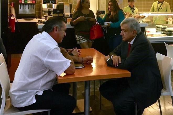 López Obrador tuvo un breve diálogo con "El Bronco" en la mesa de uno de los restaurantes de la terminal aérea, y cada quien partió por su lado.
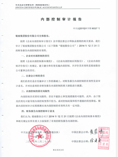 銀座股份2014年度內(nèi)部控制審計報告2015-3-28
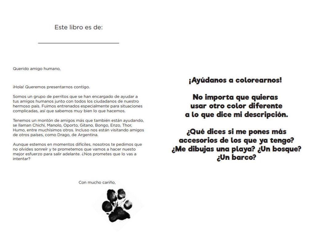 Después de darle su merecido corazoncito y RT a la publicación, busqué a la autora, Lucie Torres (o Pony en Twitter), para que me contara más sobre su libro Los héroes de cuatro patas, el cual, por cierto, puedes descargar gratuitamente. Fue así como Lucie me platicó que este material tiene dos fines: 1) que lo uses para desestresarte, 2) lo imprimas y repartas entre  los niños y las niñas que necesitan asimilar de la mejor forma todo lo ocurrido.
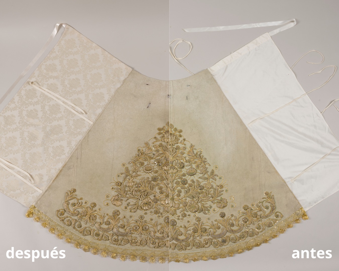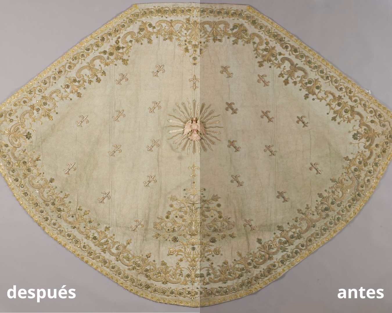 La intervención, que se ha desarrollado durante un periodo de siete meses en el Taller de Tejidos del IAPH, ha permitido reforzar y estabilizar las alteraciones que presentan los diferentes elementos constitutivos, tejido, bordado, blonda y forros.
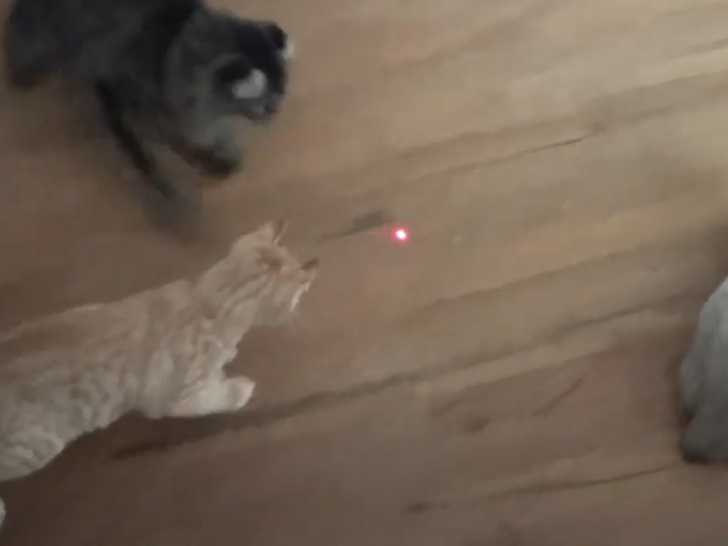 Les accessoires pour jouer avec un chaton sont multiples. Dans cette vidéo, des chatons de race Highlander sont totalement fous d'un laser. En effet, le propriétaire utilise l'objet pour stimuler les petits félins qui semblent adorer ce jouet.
_ _ _ _ _ _ _
WHAT TO PRODUCE:
Pictures aside, restate all of the entries exactly.

SOLUTION FOR THIS PROBLEM:
 López Obrador tuvo un breve diálogo con "El Bronco" en la mesa de uno de los restaurantes de la terminal aérea, y cada quien partió por su lado.
 銀座股份2014年度內(nèi)部控制審計報告2015-3-28
 Después de darle su merecido corazoncito y RT a la publicación, busqué a la autora, Lucie Torres (o Pony en Twitter), para que me contara más sobre su libro Los héroes de cuatro patas, el cual, por cierto, puedes descargar gratuitamente. Fue así como Lucie me platicó que este material tiene dos fines: 1) que lo uses para desestresarte, 2) lo imprimas y repartas entre  los niños y las niñas que necesitan asimilar de la mejor forma todo lo ocurrido.
 La intervención, que se ha desarrollado durante un periodo de siete meses en el Taller de Tejidos del IAPH, ha permitido reforzar y estabilizar las alteraciones que presentan los diferentes elementos constitutivos, tejido, bordado, blonda y forros.
 Les accessoires pour jouer avec un chaton sont multiples. Dans cette vidéo, des chatons de race Highlander sont totalement fous d'un laser. En effet, le propriétaire utilise l'objet pour stimuler les petits félins qui semblent adorer ce jouet.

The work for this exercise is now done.